My dream about my mum was so consistent with reality that, try as I might I couldnt find anything as a dreamt that would remind me it was ok, I'd wake up. Right down to my parents' mannerism, the way they spoke to me, the little sweet thing my Dad did for my Mum to cheer her up, my father's way of saying things are ok when I know they're not; that face he wears. And even the way my mum smelt. I could smell her as she gave me a hug.

I woke up absolutely bawling my eyes out. I couldn't stop. I phoned Pod (it was 7am by this point) and he listened, told me it was only a dream. We put the phone down and I started crying again. Like grief was a hamster that had crawled into my heart and died there. I couldn't shift it.

I phoned home:

Dad: "Hello?"
Me: (between sobs) "Can I speak to mum please?"
Dad: "I'll just get her, are you ill?"
Me: "No, I just dreamt she was dying." (start crying again)

Mum: "Hello...I'm fine..."
Me: Crying....

ANYWAY...i had a good catch up with my mum which was nice.

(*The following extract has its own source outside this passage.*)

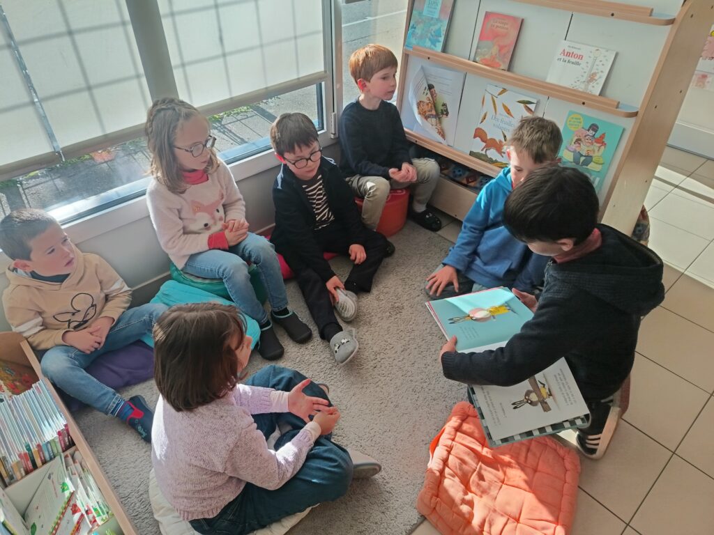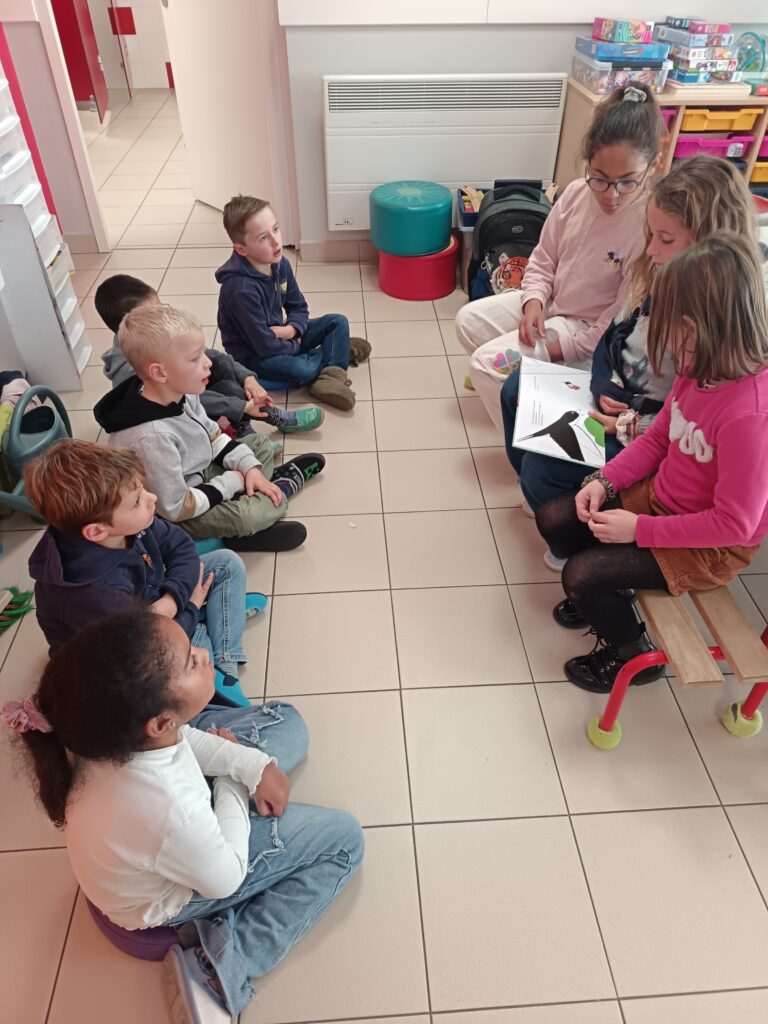 A l’occasion de la semaine du livre organisée à l’école, les élèves de CE2 de la classe de Yannick sont venus dans notre classe pour lire des histoires. C’était l’occasion de partager un bon moment autour de la lecture.

I guess last night made me realise two things. Just how much I love my parents and how blessed I am to have them. Once I'd got over the imaginary, false grief I thanked God for the wonderful Mum and Dad I have.

ok, melodrama over!

Sunday, October 01, 2006

God rocks my socks.

hoozah! I love freshers week...

To cut a long story short...Highlights:

1)Coincidences (?) like meeting a girl who is in my old room in halls, is doing the same course as me and also does kickboxing.
2)More freshers at events than ever before
3)A lunchbar which really havent worked at goldsmiths previously attracted around 30 people
4)A whole mix of Christians and non Christians and exciting stories to listen to from excited freshers about their faith and how God has worked in their being at Goldsmiths
5)A whole host of great gospel comversations. I love the gospel and I love sharing it especially when you get a reaction like: "So when can we start reading the Bible together?"

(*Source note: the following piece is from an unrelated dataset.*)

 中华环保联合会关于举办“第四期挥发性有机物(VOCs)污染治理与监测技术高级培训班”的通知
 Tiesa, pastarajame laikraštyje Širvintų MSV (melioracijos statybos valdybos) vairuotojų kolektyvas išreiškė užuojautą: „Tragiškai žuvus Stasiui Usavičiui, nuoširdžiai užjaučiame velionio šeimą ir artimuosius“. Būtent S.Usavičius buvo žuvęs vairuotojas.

6)The way God makes me think and do things randomly and then wonder why I havent before...At Freshers fayre I asked a guy if he would be interested in CHristianity Explored (obviously expressed in different words!) We don't actually have a Christinaity Explored course. But now we do. And since then a whole bunch of other conversations have happened and people signed up. God rocks my socks.